## Supplied material
──────────────────────────────

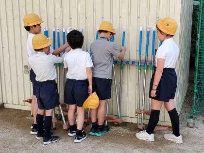 今朝、児童集会が始まる前にふと運動場を見ると、倉庫の前に子どもたちが集まり、倒れた竹馬を綺麗に並べていました。この子どもたちは、自分たちが使ったわけではありませんでしたが、竹馬がたくさん倒れていることに気づき、主体的に並べていたのです。互いに声を掛け合いながら番号順に竹馬を揃えている姿に、たいへん感心しました。
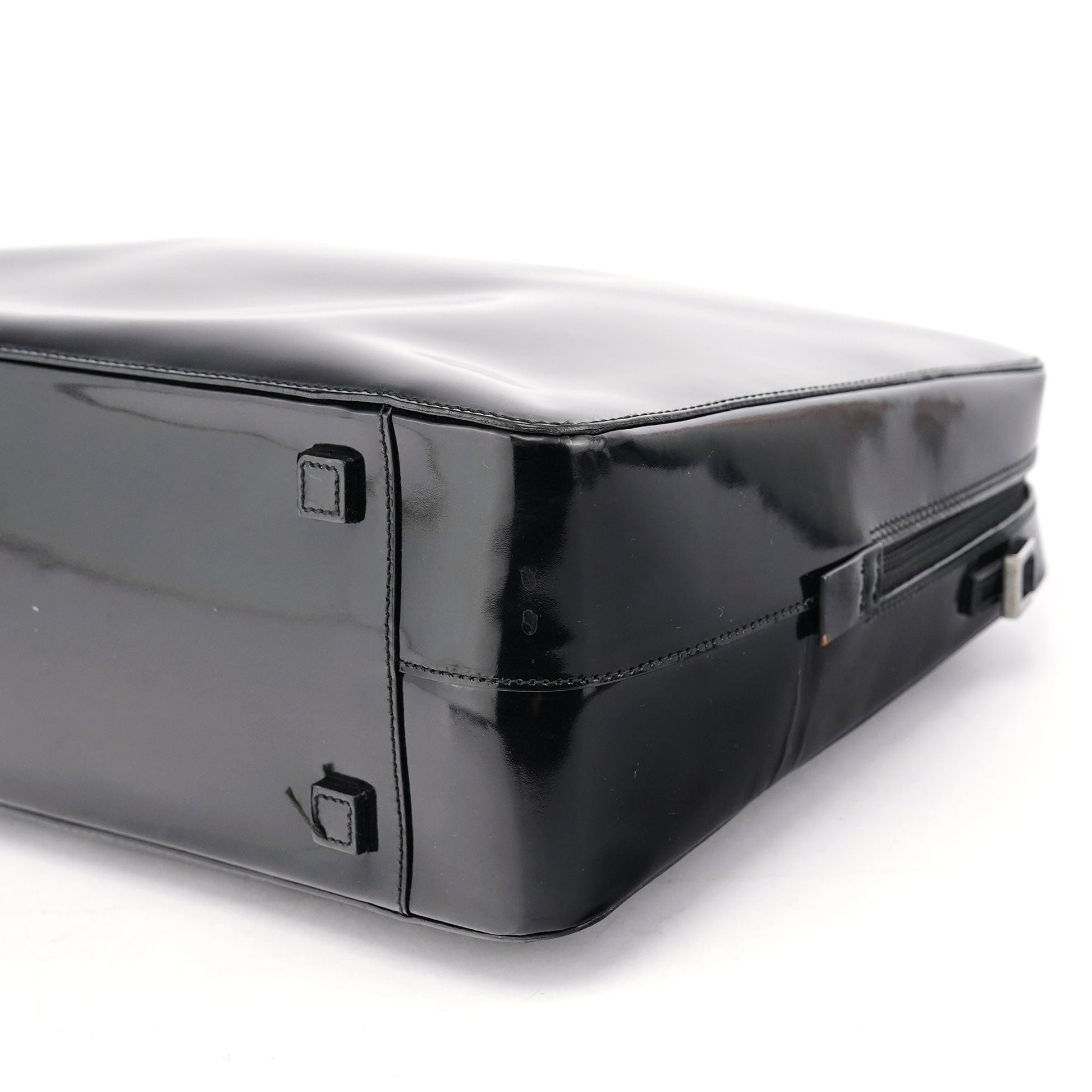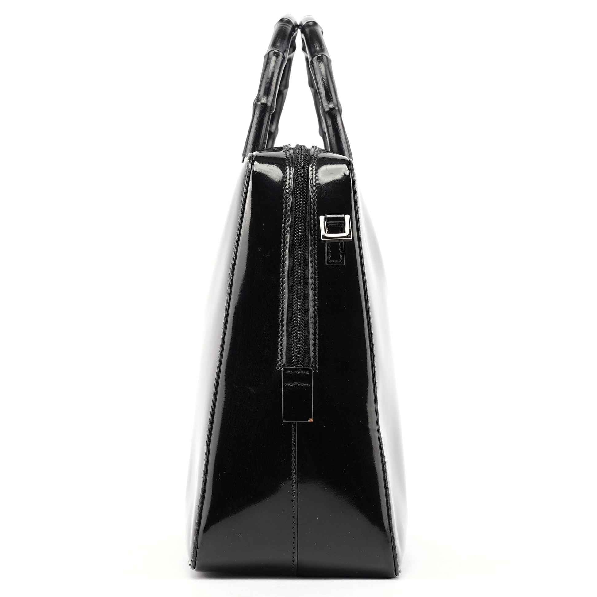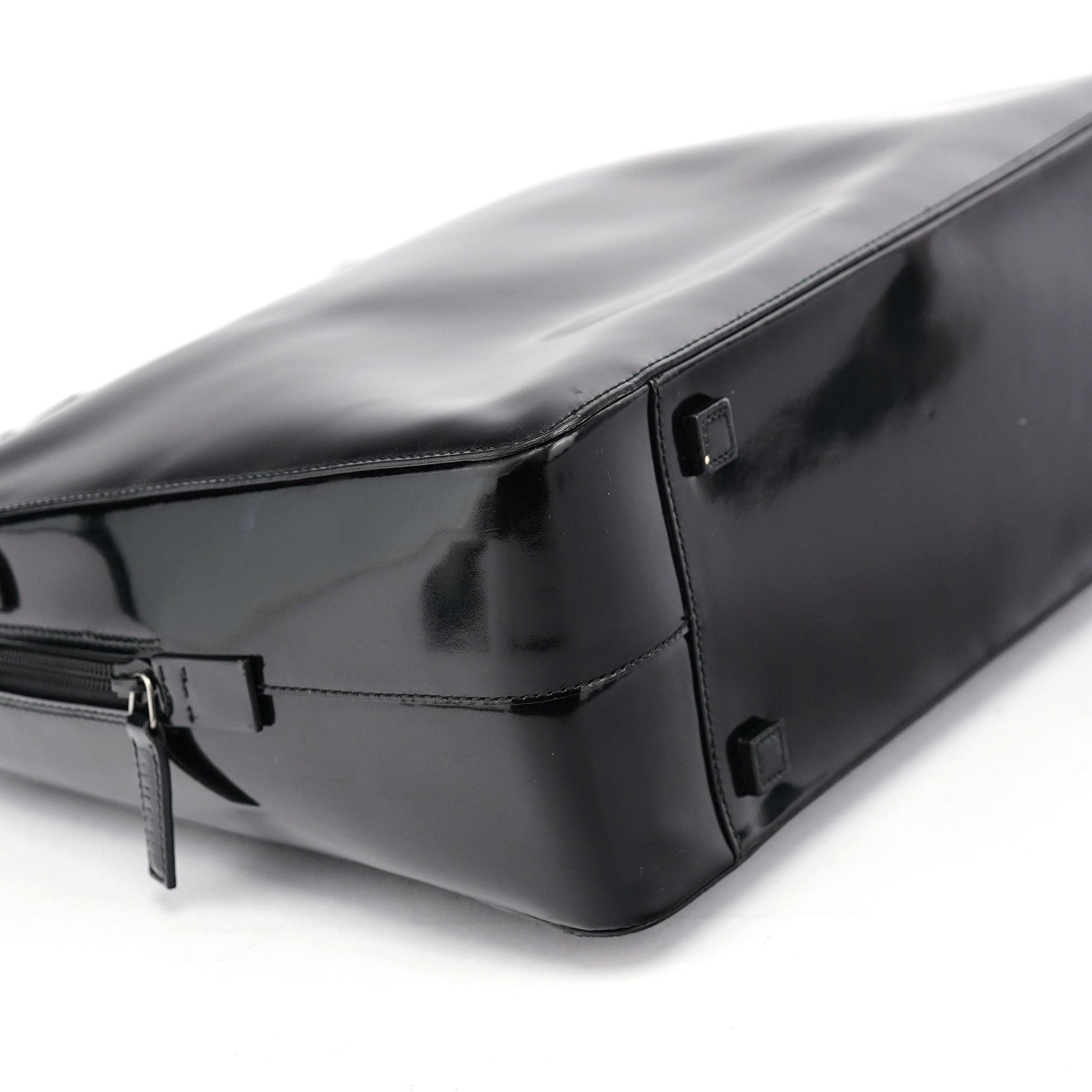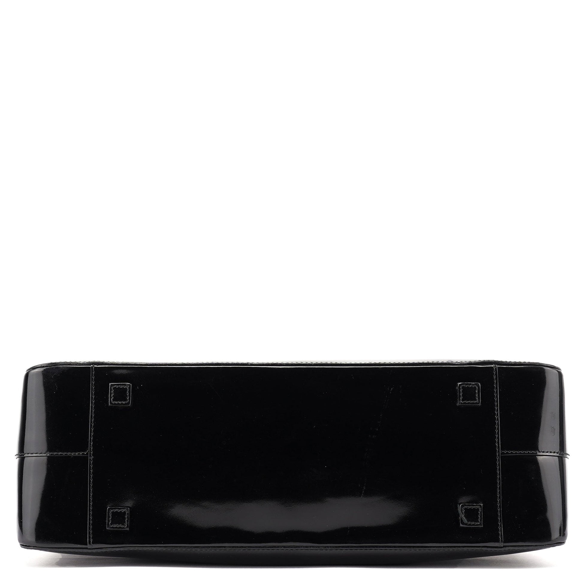 Handcrafted from black patent leather, this Gucci Bamboo tote by Tom Ford from the late 1990s features silver-tone hardware, two gloss black bamboo handles, provisions to add a shoulder strap and a zipper closure. The interior is lined in satin with an interior zipper pocket, and the Gucci logo is embossed at the front, showcasing timeless elegance.
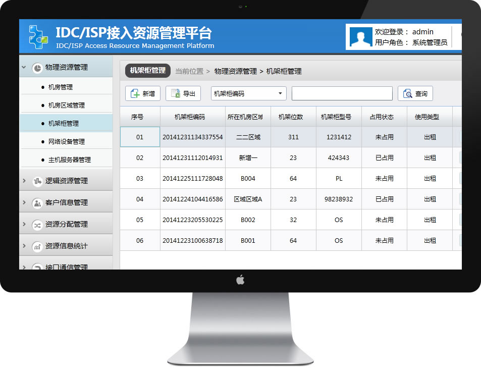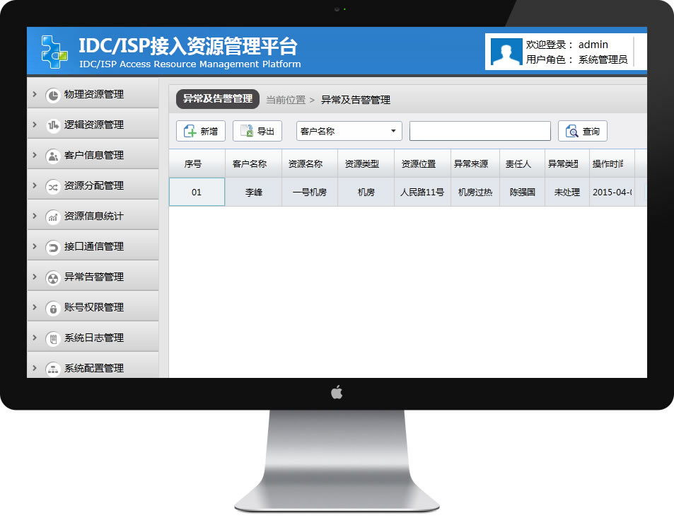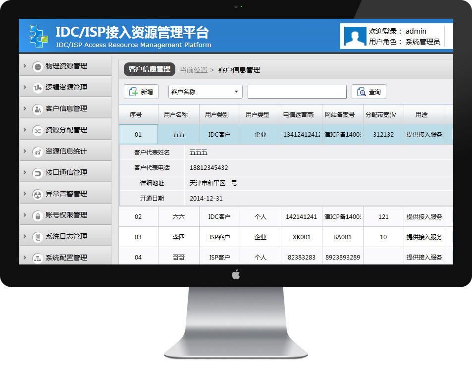 致远IDC/ISP接入资源管理系统,是严格根据工信部相关系统要求而自主开发的一套资源接入管理系统,设备主要针对接入资源的分配、使用、转租等信息的记录,并对接入资源的日常使用实行日常发现、分析和处理,使接入资源的空闲、分配、变更、释放等状态有据可查,大大提高了资源的利用率和资源的管理效率,同时也满足电信管理部门和IDC/ISP企业接入资源的需求,在此之外,同时也实现了接入资源数据的上报的功能,接入资源数据能与管局的数据进行同步的功能。
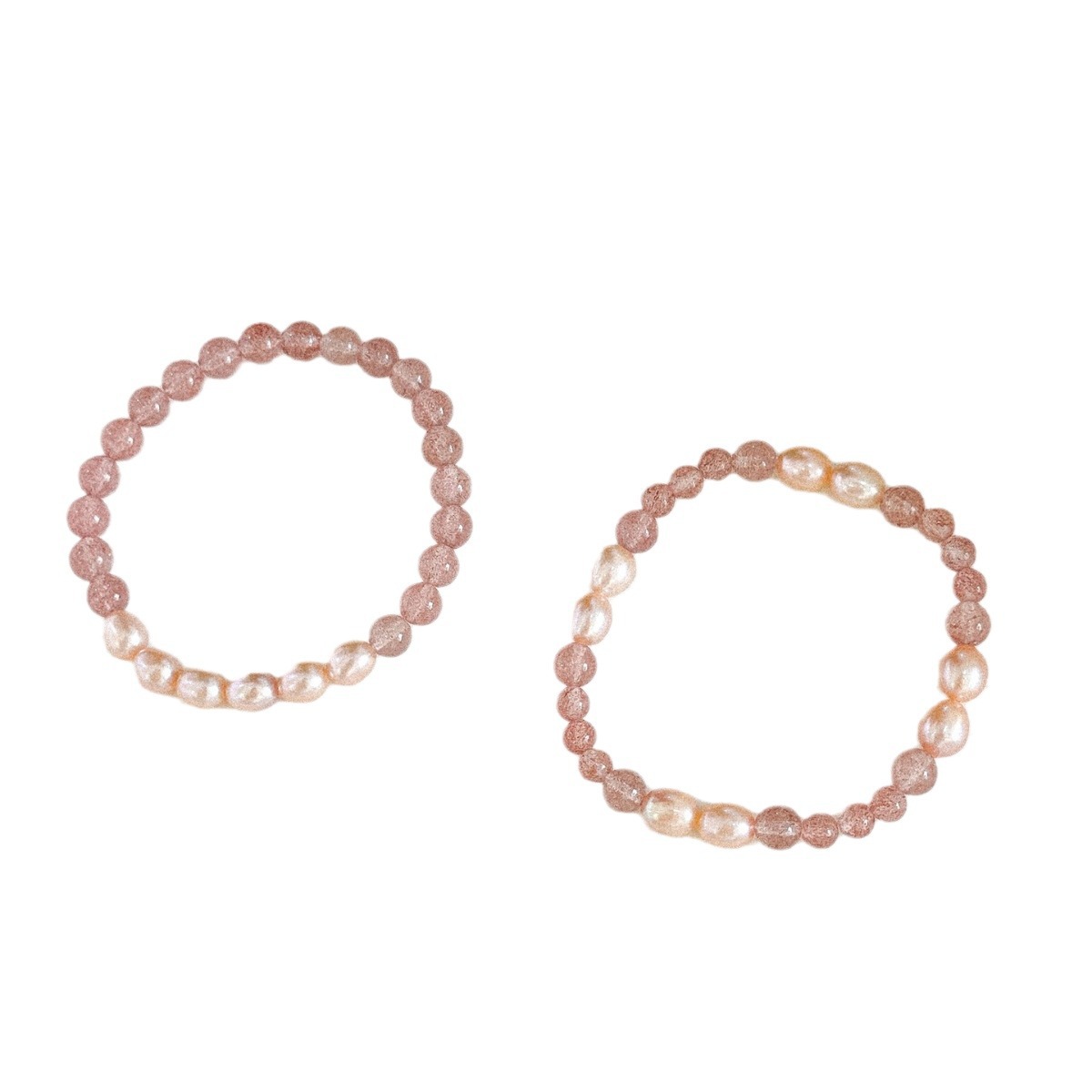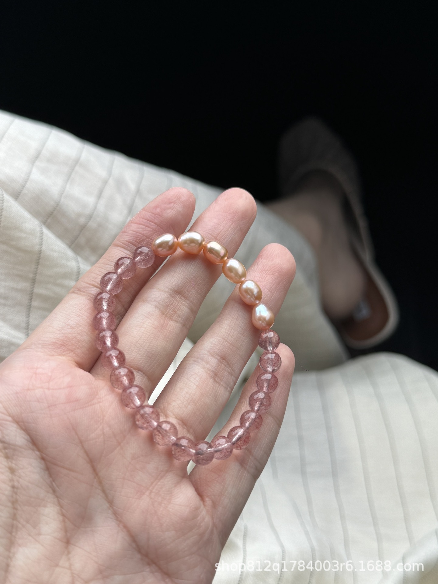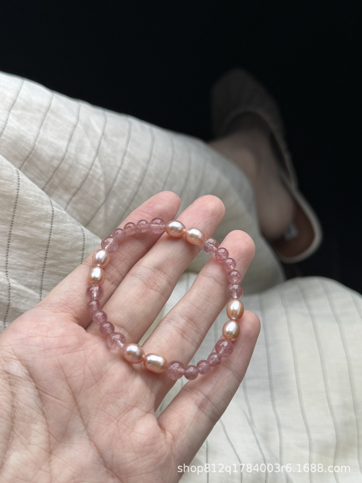 尺寸:草莓晶4/6MM,珍珠约6-6.5mm,弹力设计,约14-16手围可戴

──────────────────────────────

## Task description
With the images omitted, return the full material exactly.

## Exercise answer
 今朝、児童集会が始まる前にふと運動場を見ると、倉庫の前に子どもたちが集まり、倒れた竹馬を綺麗に並べていました。この子どもたちは、自分たちが使ったわけではありませんでしたが、竹馬がたくさん倒れていることに気づき、主体的に並べていたのです。互いに声を掛け合いながら番号順に竹馬を揃えている姿に、たいへん感心しました。
 Handcrafted from black patent leather, this Gucci Bamboo tote by Tom Ford from the late 1990s features silver-tone hardware, two gloss black bamboo handles, provisions to add a shoulder strap and a zipper closure. The interior is lined in satin with an interior zipper pocket, and the Gucci logo is embossed at the front, showcasing timeless elegance.
 致远IDC/ISP接入资源管理系统,是严格根据工信部相关系统要求而自主开发的一套资源接入管理系统,设备主要针对接入资源的分配、使用、转租等信息的记录,并对接入资源的日常使用实行日常发现、分析和处理,使接入资源的空闲、分配、变更、释放等状态有据可查,大大提高了资源的利用率和资源的管理效率,同时也满足电信管理部门和IDC/ISP企业接入资源的需求,在此之外,同时也实现了接入资源数据的上报的功能,接入资源数据能与管局的数据进行同步的功能。
 尺寸:草莓晶4/6MM,珍珠约6-6.5mm,弹力设计,约14-16手围可戴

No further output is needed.